Provided material:
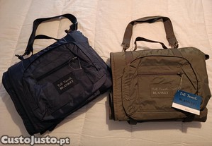 Versateis mantas de viagem que se dobram numa mala impermeavel com alça de tiracolo e pega.
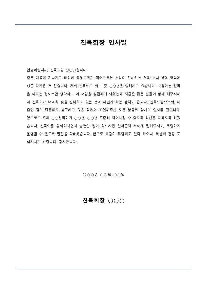 친목회장 인사말
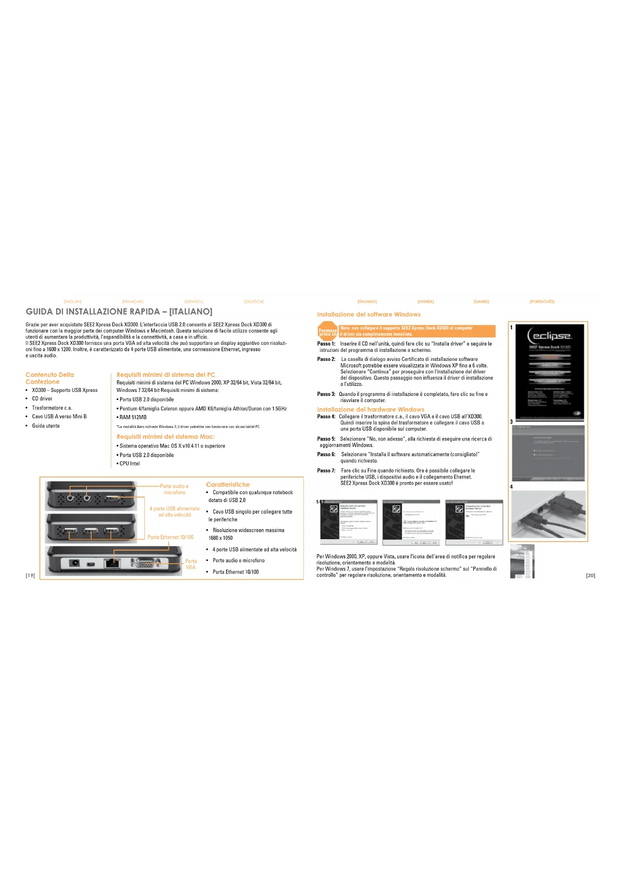 3[19] [ENGLISH] [fraNçaIS] [ESPaÑOL] [dEUtScH] [ItaLIaNO] [SVENSK] [daNSK] [POrtUGUÊS] [20] [ItaLIaNO] [SVENSK] [daNSK] [POrtUGUÊS] Fermare Installazione del software Windows Nota: non collegare il supporto SEE2 Xpress Dock XD300 al computer prima che il driver sia completamente installato. Passo 1: Inserire il CD nell’unità, quindi fare clic su “Installa driver” e seguire le istruzioni del programma di installazione a schermo. Passo 2: La casella di dialogo avviso Certificato di installazione software Microsoft potrebbe essere visualizzata in Windows XP fino a 6 volte. Selezionare “Continua” per proseguire con l’installazione del driver del dispositivo. Questo passaggio non influenza il driver di installazione o l’utilizzo. Passo 3: Quando il programma di installazione è completato, fare clic su fine e riavviare il computer. Installazione del hardware Windows Passo 4: Collegare il trasformatore c.a., il cavo VGA e il cavo USB all’XD300. Quindi inserire la spina del trasformatore e collegare il cavo USB a una porta USB disponibile sul computer. Passo 5: Selezionare “No, non adesso”, alla richiesta di eseguire una ricerca di aggiornamenti Windows. Passo 6: Selezionare “Installa il software automaticamente (consigliato)” quando richiesto. Passo 7: Fare clic su Fine quando richiesto. Ora è possibile collegare le periferiche USB, i dispositivi audio e il collegamento Ehernet. SEE2 Xpress Dock XD300 è pronto per essere usato! Grazie per aver acquistato SEE2 Xpress Dock XD300. L’interfaccia USB 2.0 consente al SEE2 Xpress Dock XD300 di funzionare con la maggior parte dei computer Windows e Macintosh. Questa soluzione di facile utilizzo consente agli utenti di aumentare la produttività, l’espandibilità e la connettività, a casa e in ufficio. Il SEE2 Xpress Dock XD300 fornisce una porta VGA ad alta velocità che può supportare un display aggiuntivo con risoluzi- oni fino a 1600 x 1200. Inoltre, è caratterizzato da 4 porte USB alimentate, una connessione Ethernet, ingresso e uscita audio. Contenuto Della Confezione
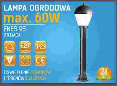 Oprawa ogrodowa Enes 95 idealnie nadają się do oświetlenia obiektów o oryginalnym stylowym charakterze .Obudowa wykonana z tworzywa sztucznego, klosz mleczny . Rodzaj zastosowanych materiałów powoduje że oprawa nie jest narażona na korozje.
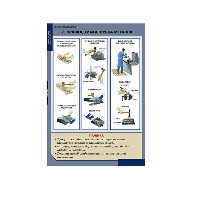 Общие правила поведения в учебных мастерских. Рабочее место учащегося. Инструменты для ручной обработки. Графическое изображение деталей. Технологическая карта. Разметка заготовок. Правка, гибка, рубка металла. Разрезание, опиливание металла. Резьба, её виды. Сверление, точение. Сборка деталей, отделка изделий.
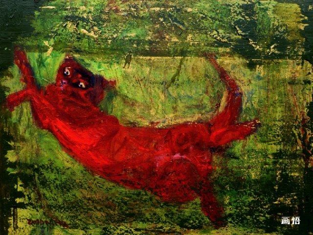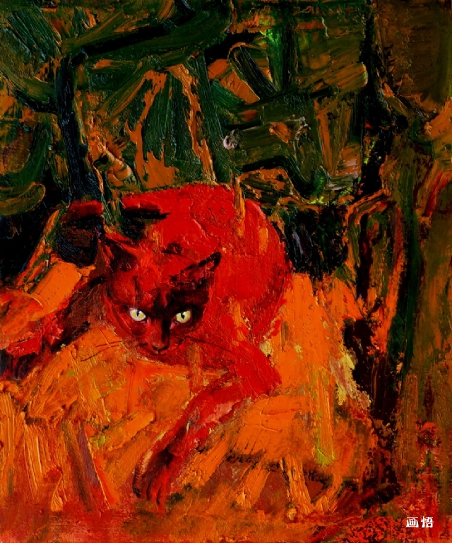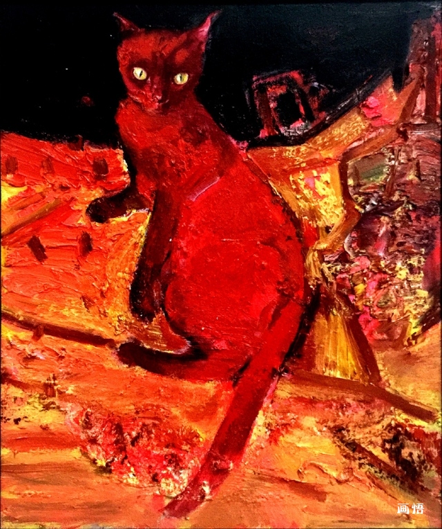 《紅貓》布面油畫(huà)60x50cm陳明華2016 (12)
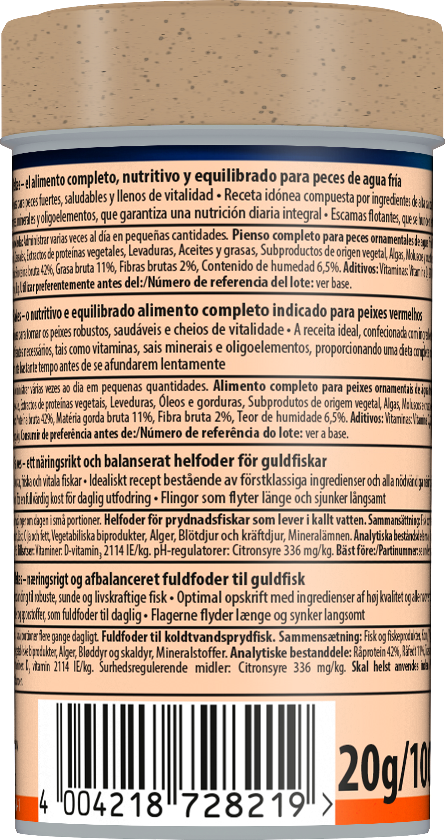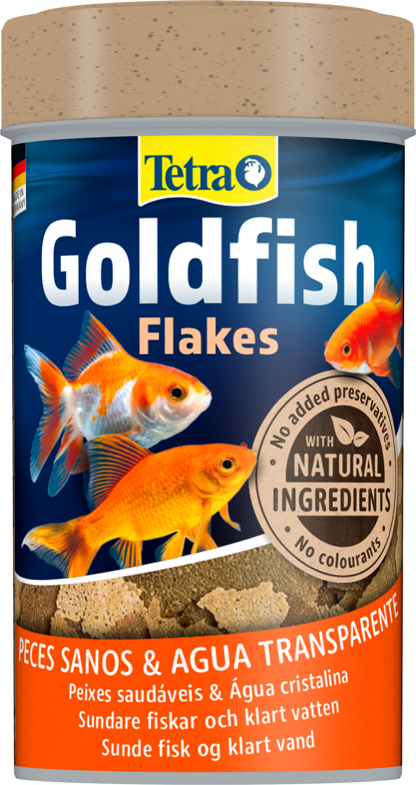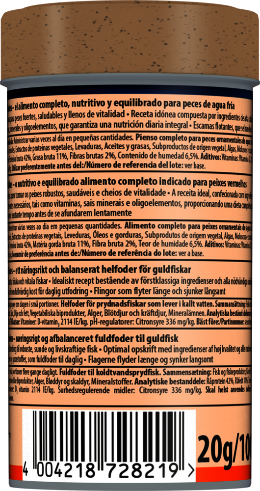 Tetra Goldfish Flakes es un alimento completo, nutritivo y equilibrado para carpines dorados. La mezcla de escamas de equilibrio óptimo para una dieta variada mantiene a los carpines dorados sanos y activos. Mezcla cuidadosamente seleccionada de ingredientes altamente nutritivos con vitaminas, minerales y oligoelementos que garantiza una nutrición completa de sus carpines dorados. Las escamas que contiene flotan durante mucho tiempo y descienden lentamente. Nuestra receta única, con ingredientes naturales de alta calidad, sin colorantes ni conservantes añadidos, y la mezcla de proteínas adaptada de forma óptima favorecen el crecimiento óptimo, la vitalidad y una mayor resistencia. Con Tetra Goldfish Flakes, sus carpines dorados prosperarán y el agua de su acuario se mantendrá limpia y transparente.

What is expected: What is needed is an exact repeat of the records, with every picture left out.

Response to the task:
 Versateis mantas de viagem que se dobram numa mala impermeavel com alça de tiracolo e pega.
 친목회장 인사말
 3[19] [ENGLISH] [fraNçaIS] [ESPaÑOL] [dEUtScH] [ItaLIaNO] [SVENSK] [daNSK] [POrtUGUÊS] [20] [ItaLIaNO] [SVENSK] [daNSK] [POrtUGUÊS] Fermare Installazione del software Windows Nota: non collegare il supporto SEE2 Xpress Dock XD300 al computer prima che il driver sia completamente installato. Passo 1: Inserire il CD nell’unità, quindi fare clic su “Installa driver” e seguire le istruzioni del programma di installazione a schermo. Passo 2: La casella di dialogo avviso Certificato di installazione software Microsoft potrebbe essere visualizzata in Windows XP fino a 6 volte. Selezionare “Continua” per proseguire con l’installazione del driver del dispositivo. Questo passaggio non influenza il driver di installazione o l’utilizzo. Passo 3: Quando il programma di installazione è completato, fare clic su fine e riavviare il computer. Installazione del hardware Windows Passo 4: Collegare il trasformatore c.a., il cavo VGA e il cavo USB all’XD300. Quindi inserire la spina del trasformatore e collegare il cavo USB a una porta USB disponibile sul computer. Passo 5: Selezionare “No, non adesso”, alla richiesta di eseguire una ricerca di aggiornamenti Windows. Passo 6: Selezionare “Installa il software automaticamente (consigliato)” quando richiesto. Passo 7: Fare clic su Fine quando richiesto. Ora è possibile collegare le periferiche USB, i dispositivi audio e il collegamento Ehernet. SEE2 Xpress Dock XD300 è pronto per essere usato! Grazie per aver acquistato SEE2 Xpress Dock XD300. L’interfaccia USB 2.0 consente al SEE2 Xpress Dock XD300 di funzionare con la maggior parte dei computer Windows e Macintosh. Questa soluzione di facile utilizzo consente agli utenti di aumentare la produttività, l’espandibilità e la connettività, a casa e in ufficio. Il SEE2 Xpress Dock XD300 fornisce una porta VGA ad alta velocità che può supportare un display aggiuntivo con risoluzi- oni fino a 1600 x 1200. Inoltre, è caratterizzato da 4 porte USB alimentate, una connessione Ethernet, ingresso e uscita audio. Contenuto Della Confezione
 Oprawa ogrodowa Enes 95 idealnie nadają się do oświetlenia obiektów o oryginalnym stylowym charakterze .Obudowa wykonana z tworzywa sztucznego, klosz mleczny . Rodzaj zastosowanych materiałów powoduje że oprawa nie jest narażona na korozje.
 Общие правила поведения в учебных мастерских. Рабочее место учащегося. Инструменты для ручной обработки. Графическое изображение деталей. Технологическая карта. Разметка заготовок. Правка, гибка, рубка металла. Разрезание, опиливание металла. Резьба, её виды. Сверление, точение. Сборка деталей, отделка изделий.
 《紅貓》布面油畫(huà)60x50cm陳明華2016 (12)
 Tetra Goldfish Flakes es un alimento completo, nutritivo y equilibrado para carpines dorados. La mezcla de escamas de equilibrio óptimo para una dieta variada mantiene a los carpines dorados sanos y activos. Mezcla cuidadosamente seleccionada de ingredientes altamente nutritivos con vitaminas, minerales y oligoelementos que garantiza una nutrición completa de sus carpines dorados. Las escamas que contiene flotan durante mucho tiempo y descienden lentamente. Nuestra receta única, con ingredientes naturales de alta calidad, sin colorantes ni conservantes añadidos, y la mezcla de proteínas adaptada de forma óptima favorecen el crecimiento óptimo, la vitalidad y una mayor resistencia. Con Tetra Goldfish Flakes, sus carpines dorados prosperarán y el agua de su acuario se mantendrá limpia y transparente.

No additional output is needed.